Silver Linings Playbook (2012)

In a ho-hum year for American cinema, Silver Linings Playbook gleams out of the dull woodwork as a modest film about people with modest ambitions, told at such a painfully honest level that it rises above as the best film of 2012.

The straightforward narrative, of a middle-aged man living with his parents and dealing with bipolar disorder, is enhanced through superb performances and powerful imagery. Bradley Cooper (who I’m usually not a fan of) giving a daring and moving performance as the protagonist, Jennifer Lawrence as the heartbreaking but electrifying heroine, and Robert De Niro as the well-intentioned but pathetic father lead the extraordinary cast in this tragicomedy. All three start off the film recovering from bad places in their lives, and try to build them back up.

Reconstruction proves difficult, emphasized in moments like Cooper’s character moving home, seeing his brother’s picture hanging on the wall while his own has been taken down and is leaning on a table. Lawrence’s character (in one of several memorable monologues) tells of having to constantly give all of herself, only to receive nothing back. While the circumstances the characters face are more extreme than most of us will face in our lifetimes, they hint at positions we have all had to grapple with, in varying degrees of questioning one’s own self-worth.

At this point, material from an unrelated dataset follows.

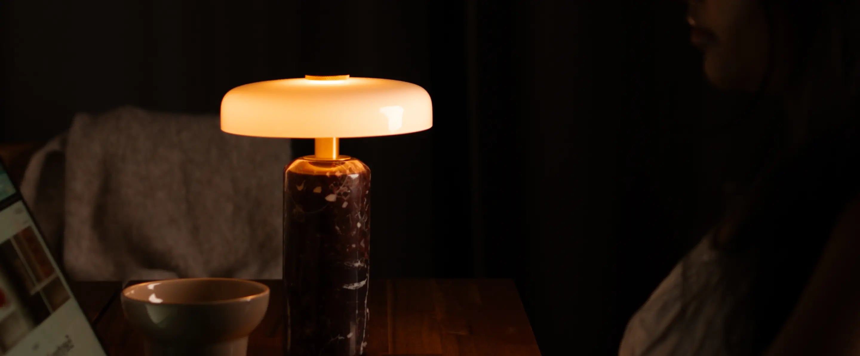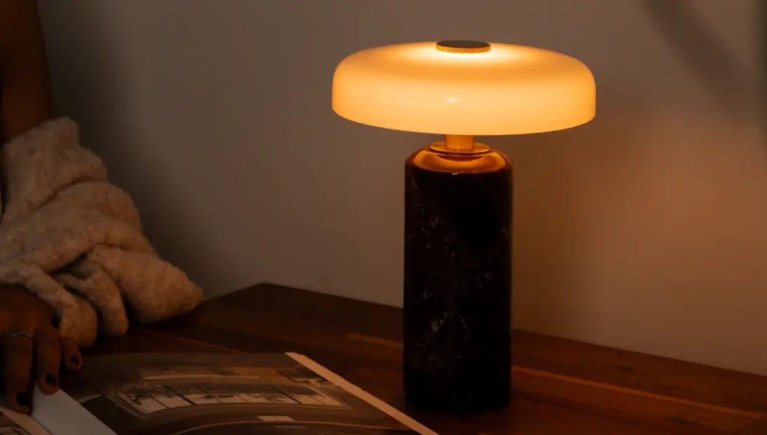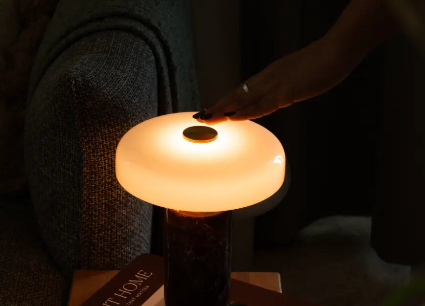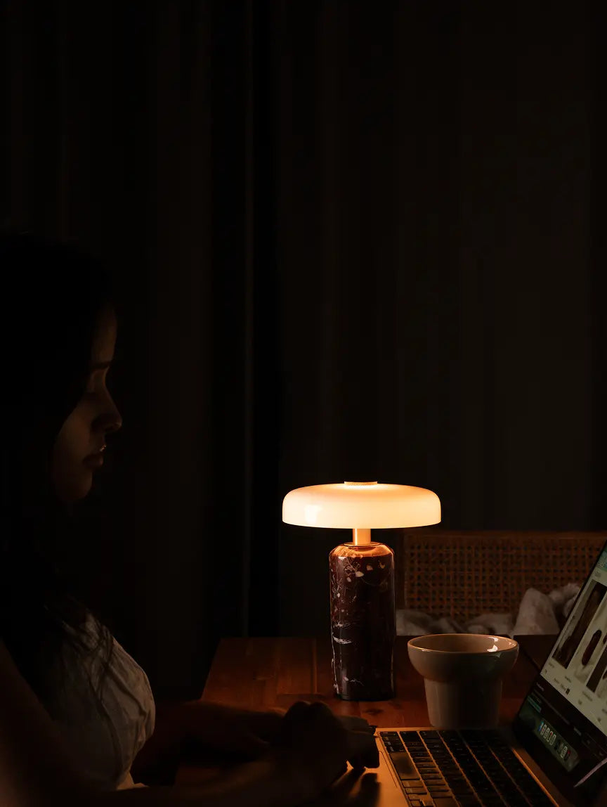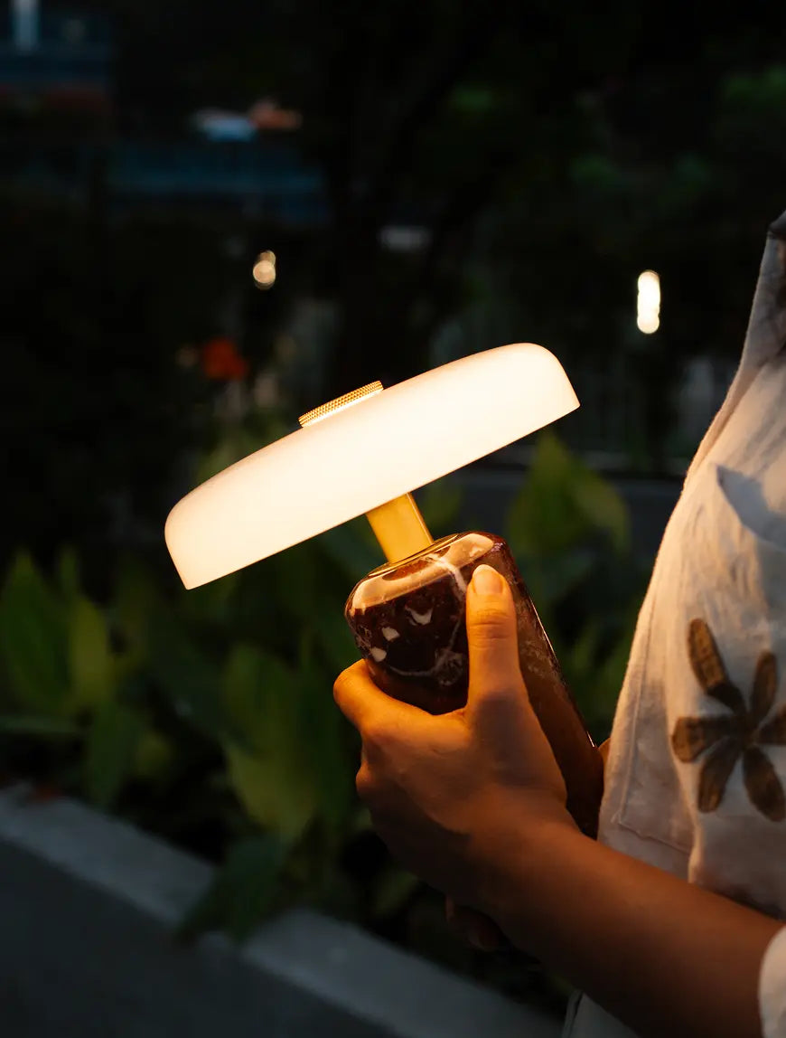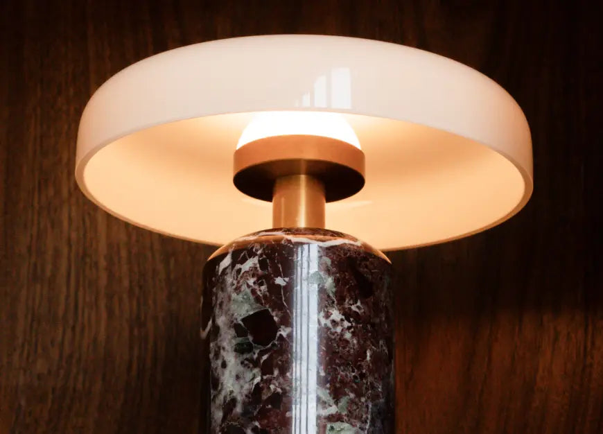 Alba Burgundy Marble Portable Table Lamp offers warm light with 3-level touch dimming and cordless ease. Crafted with a burgundy marble base and white glass shade, it delivers 8-10 hours of ambient glow.

This film all seems to take place within several square miles. The characters’ dreams are not impossible ones. The biggest ambition seems to be getting a 5 out of 10 at a dance competition, an underwhelming feat that provides one of the film’s biggest laughs. Yet despite the understated attributes in the content of the film, the final product and emotional impact are profound and powerful, giving audiences one of the most rewarding and moving comedies in recent years.